*Exercise brief:* Skip the pictures and give back the rest of the listing exactly.

*Supplied data:*
%%

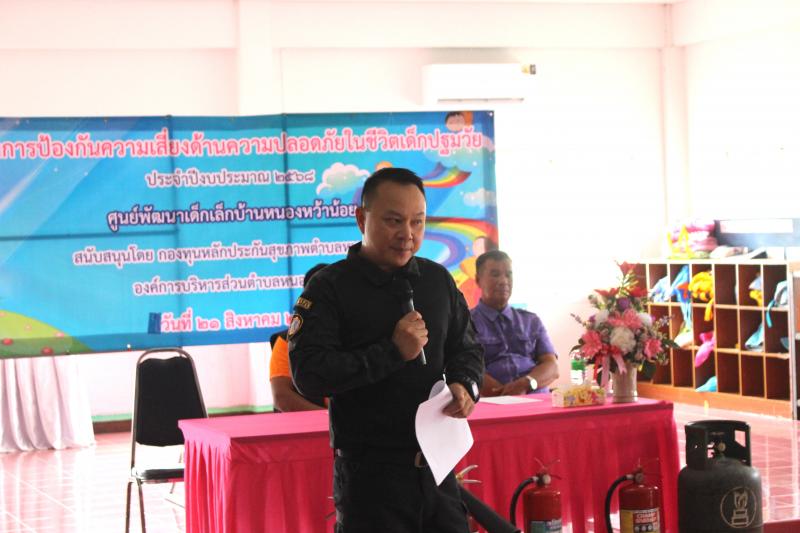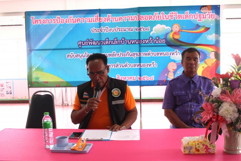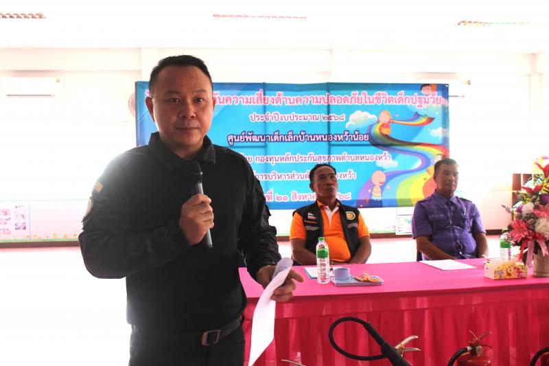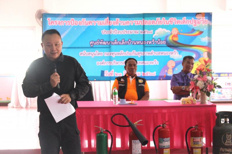 รายละเอียด : วันที่ 21 สิงหาคม 2568 องค์การบริหารส่วนตำบลหนองหว้า ร่วมกับ ศูนย์พัฒนาเด็กเล็กบ้านหนองหว้าน้อย ได้จัดโครงการป้องกันความเสี่ยงด้านความปลอดภัยในชีวิตเด็กปฐมวัย ประจำปีงบประมาณ 2568 โดยมีนายสนอง ละโคตร รองนายก อบต. เดินทางมาเป็นประธานกล่าวเปิดโครงการฯ พร้อม นายประสิทธิ์ เสียงล้ำ รองนายก อบต.,นางสุภาพร สิงห์ชัย ประธานสภา อบต.,กำนันตำบลหนองหว้า , คณะกรรมการศูนย์พัฒนาเด็กเล็ก,ข้าราชการ,พนักงานส่วนตำบล,คณะครูศูนย์พัฒนาเด็กเล็กบ้านหนองหว้าน้อย มีวัตถุประสงค์ให้ ครู ผู้ดูแลเด็ก และผู้ปกครองของนักเรียนศูนย์พัฒนาเด็กเล็กบ้านหนองหว้าน้อย วิธีป้องกันเหตุและการเอาตัวรอดเมื่อเกิดเหตุ พร้อมทั้งลดอุบัติเหตุที่อาจจะเกิดขึ้นกับเด็กปฐมวัยและการซักซ้อมแผนป้องกันอัคคีภัย เพื่อเพิ่มความปลอดภัยในชีวิตและทรัพย์สินของประชาชน ลดความสูญเสียต่อชีวิตและทรัพย์สิน ณ ศูนย์พัฒนาเด็กเล็กบ้านหนองหว้าน้อย ตำบลหนองหว้า อำเภอเมืองหนองบัวลำภู จังหวัดหนองบัวลำภู
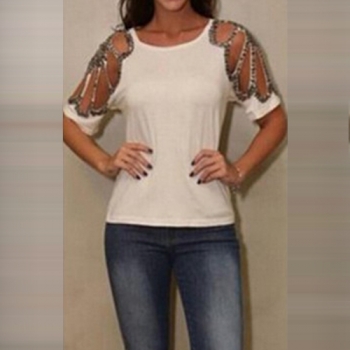 Sexy Off-shoulder Beaded Short Sleeve Round Neck T-shirt
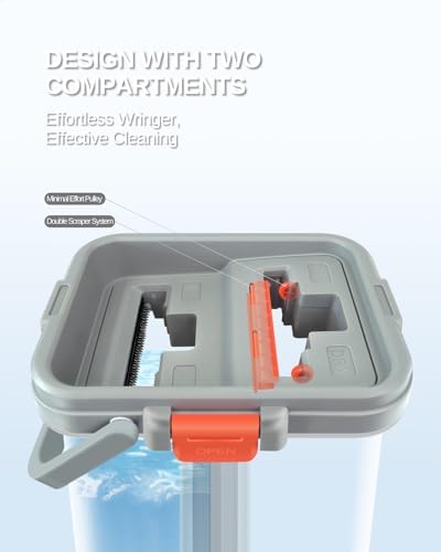 The bucket features a dual scraper system for wringing out excess water, making it easy to control the mop’s moisture levels and ensuring it’s always ready for optimal cleaning.
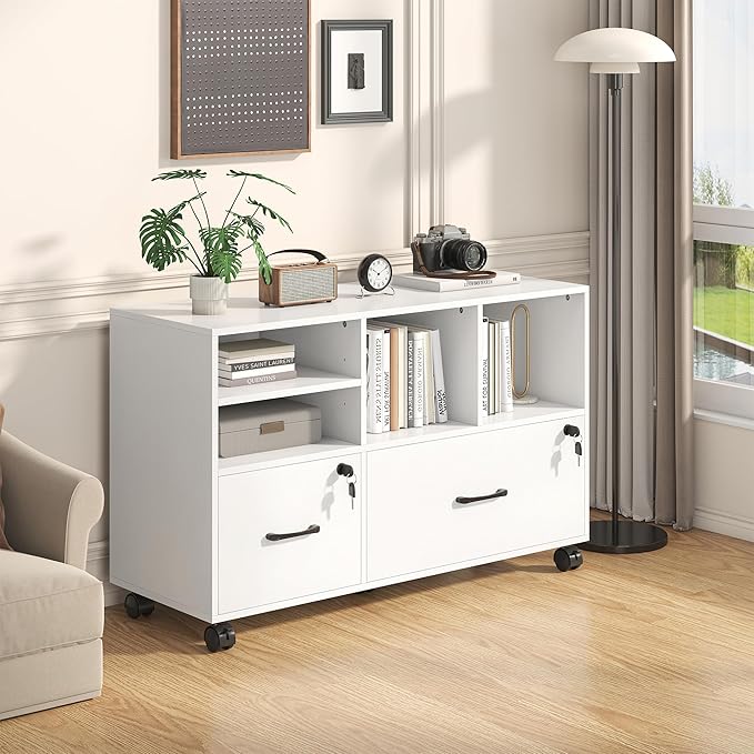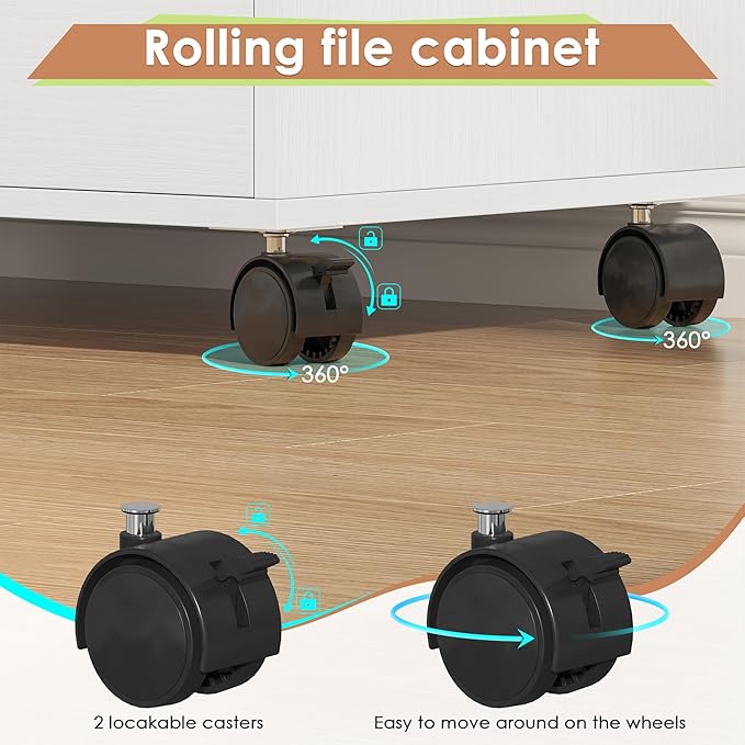 - 【Lockable & Movable】Both drawers of this filing cabinets for home office are equipped with locks so you can important documents. Plus, this lateral file cabinet is equipped with 2 lockable casters, which means you can move it wherever you like.

%%

*Completed exercise:*
 รายละเอียด : วันที่ 21 สิงหาคม 2568 องค์การบริหารส่วนตำบลหนองหว้า ร่วมกับ ศูนย์พัฒนาเด็กเล็กบ้านหนองหว้าน้อย ได้จัดโครงการป้องกันความเสี่ยงด้านความปลอดภัยในชีวิตเด็กปฐมวัย ประจำปีงบประมาณ 2568 โดยมีนายสนอง ละโคตร รองนายก อบต. เดินทางมาเป็นประธานกล่าวเปิดโครงการฯ พร้อม นายประสิทธิ์ เสียงล้ำ รองนายก อบต.,นางสุภาพร สิงห์ชัย ประธานสภา อบต.,กำนันตำบลหนองหว้า , คณะกรรมการศูนย์พัฒนาเด็กเล็ก,ข้าราชการ,พนักงานส่วนตำบล,คณะครูศูนย์พัฒนาเด็กเล็กบ้านหนองหว้าน้อย มีวัตถุประสงค์ให้ ครู ผู้ดูแลเด็ก และผู้ปกครองของนักเรียนศูนย์พัฒนาเด็กเล็กบ้านหนองหว้าน้อย วิธีป้องกันเหตุและการเอาตัวรอดเมื่อเกิดเหตุ พร้อมทั้งลดอุบัติเหตุที่อาจจะเกิดขึ้นกับเด็กปฐมวัยและการซักซ้อมแผนป้องกันอัคคีภัย เพื่อเพิ่มความปลอดภัยในชีวิตและทรัพย์สินของประชาชน ลดความสูญเสียต่อชีวิตและทรัพย์สิน ณ ศูนย์พัฒนาเด็กเล็กบ้านหนองหว้าน้อย ตำบลหนองหว้า อำเภอเมืองหนองบัวลำภู จังหวัดหนองบัวลำภู
 Sexy Off-shoulder Beaded Short Sleeve Round Neck T-shirt
 The bucket features a dual scraper system for wringing out excess water, making it easy to control the mop’s moisture levels and ensuring it’s always ready for optimal cleaning.
 - 【Lockable & Movable】Both drawers of this filing cabinets for home office are equipped with locks so you can important documents. Plus, this lateral file cabinet is equipped with 2 lockable casters, which means you can move it wherever you like.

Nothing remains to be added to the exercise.